As their intercourse had begun, so it continued. Ever perfectly polite, yet never too polite, neither familiar nor distant, Arthur Clavering's manner convinced Harriette that he had not only forgiven, but in a sense forgotten their former intercourse. So perfect appeared his indifference, that as far as he was concerned the past seemed as if it had never been. She had ceased to interest him in any way; and thus it was best—far best. So she said to herself; and she strove to repress all regretful musings, and sought to divert her mind by busying herself in cares for her mother.
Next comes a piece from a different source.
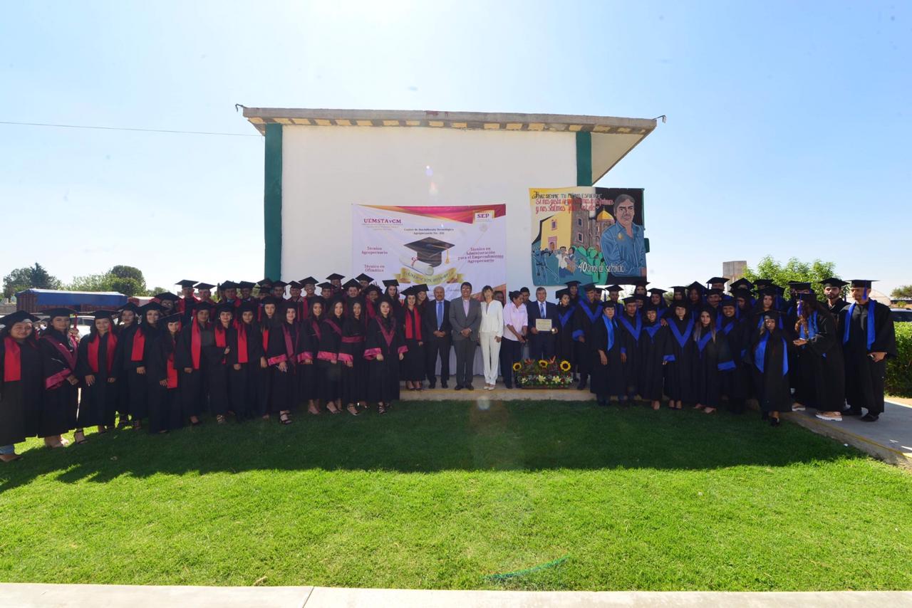 Asimismo, el Alcalde, estuvo presente en la ceremonia de graduación del Colegio de Estudios, Científicos y Tecnológicos del Estado de Zacatecas (Cecytez) plantel Plateros, de donde egresaron 109 jóvenes que pertenecen a la décima generación que culmina sus estudios en este plantel de El Mineral.

To the latter Arthur Clavering shewed a gentle, unobtrusive attention. They often chatted together on general topics, while Susan and Harriette worked, and Clara rode with Charles Crawford; for Clavering was no equestrian, and Clara 'could not do without her ride on the downs. In the evening Clavering was generally occupied with his betrothed at the piano, while after breakfast they strolled together in the grounds. It was on one of these latter occasions that Clara put in execution her threat of asking Arthur Clavering why he had not fallen in love with Harriette Bertram. They had been talking rather sensibly for a few minutes, Arthur having been making an endeavour to lead the volatile Clara into something like a sober train of thought. He had just begun to hope he had succeeded in arresting her attention, for she had asked one or two pertinent questions, when all at once she exclaimed: 'Oh, Arthur ! I am tired of being wise. If you wanted a sensible wife, you should have married Harriette Bertram.'

As Clara spoke, a shade of displeasure stole over her companion's countenance. “Really, Clara, you get more and more childish. It seems to me as if you could not fix your attention for five minutes.'

'I know I cannot. My thoughts are like those butterflies, wandering about from one pretty flower to another, and never resting upon anything disagreeable.